And in this case parameterCollections will be the input, e.g.,
Bind(datasetInfo), Bind(numClasses), ..., minSamplesSet?

> A FunctionType function will be an instance of a cross validation
> wrapper class with approximately such interface.
>  
>   template<typename CV, typename...BoundedArgs, int TotalArgs>
>   class CVFunction
>   {
>   public:
>     CVFunction(CV& cv, const BoundedArgs& ...boundedArgs);
> 
>     double Evaluate(const arma::mat& parameters);
>   };
> 
> During construction of a CVFunction object, we provide a cross
> validation object, a sequence of bounded arguments that should contain
> information about position in the argument list for the method
> Evaluate of the cross validation object, and total number of arguments
> that should be passed to the method Evaluate of the cross validation
> object.
> 
> With such design we can reuse GridSearch in other mlpack algorithms,
> as well as add support for other mlpack optimisers in a relatively
> simple way.

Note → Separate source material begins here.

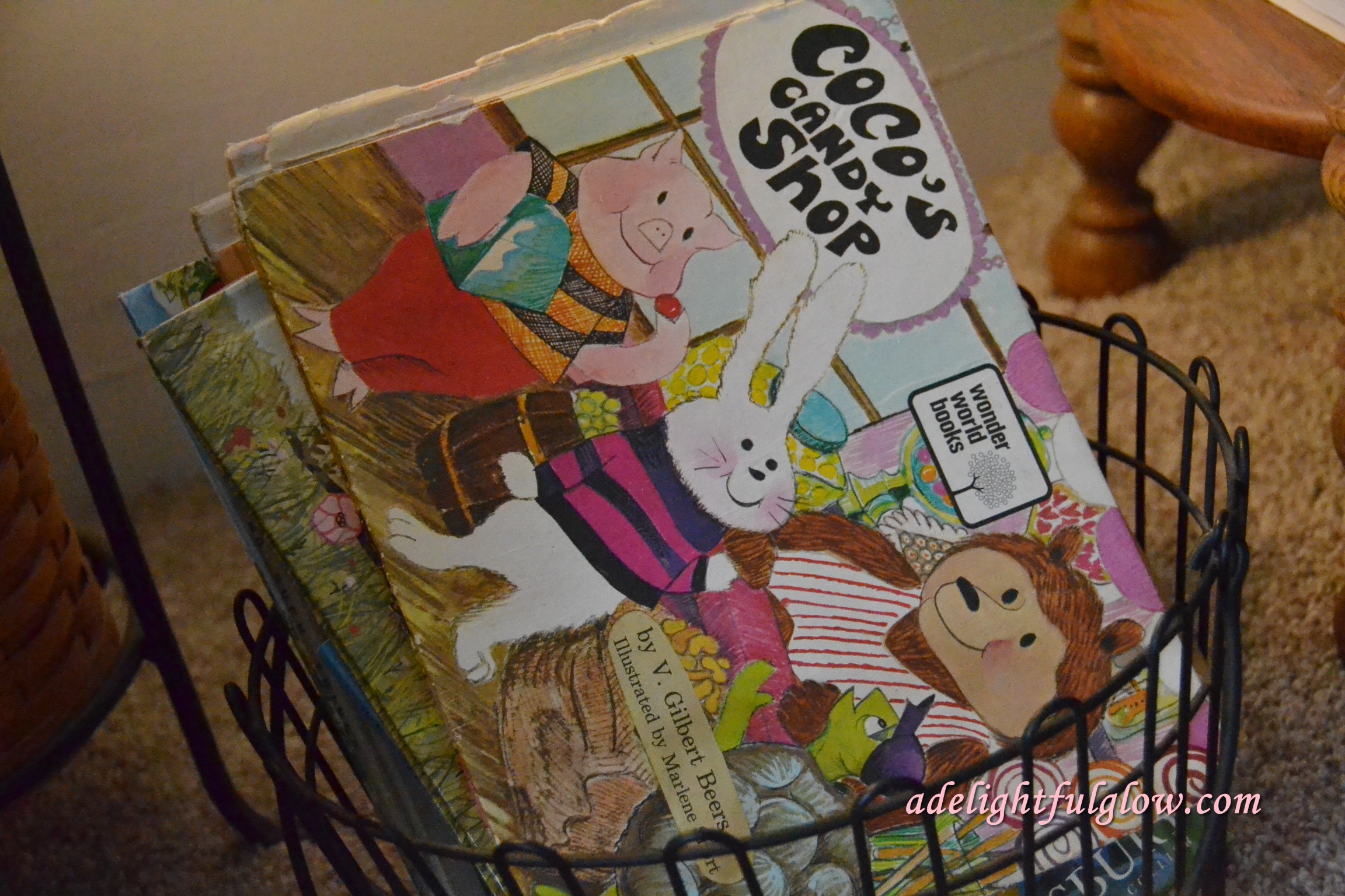 I threw this picture in too. I love, love children’s books and we have a basket of them in the living room. My Grandma had this book when I was a kid and I loved it. I was thrilled when I found this one at a thrift store when my own kiddos were small. I still love it! Probably partly because I’ve long thought an old-fashioned candy shop would be terribly fun to operate. Glass jars full of candy ~so pretty!

For example, it should be relatively easy to add support
> for the GradientDescent optimiser with the following usage.
> 
>   HyperParameterTuner<SoftmaxRegression<>, Accuracy, KFoldCV>
>       softmaxTuner(data, labels);
> 
>   // initial value for lambda
>   double lambda = 0.001;
> 
>   // gradient descent parameters
>   double stepSize = 0.001;
>   size_t maxIterations = 20;
> 
>   double bestLambda;
>   std::tie(bestLambda) =
>       softmaxTuner.Optimize<GradientDescent>(Bind(numClasses), lambda,
>           OptimizerArg(stepSize), OptimizerArg(maxIterations));
> 
> Let me know what you think about the proposed idea.

Yes!  I like this.  The use of OptimizerArg() and Bind() to specify
which arguments can and cannot be optimized is a nice way to do this.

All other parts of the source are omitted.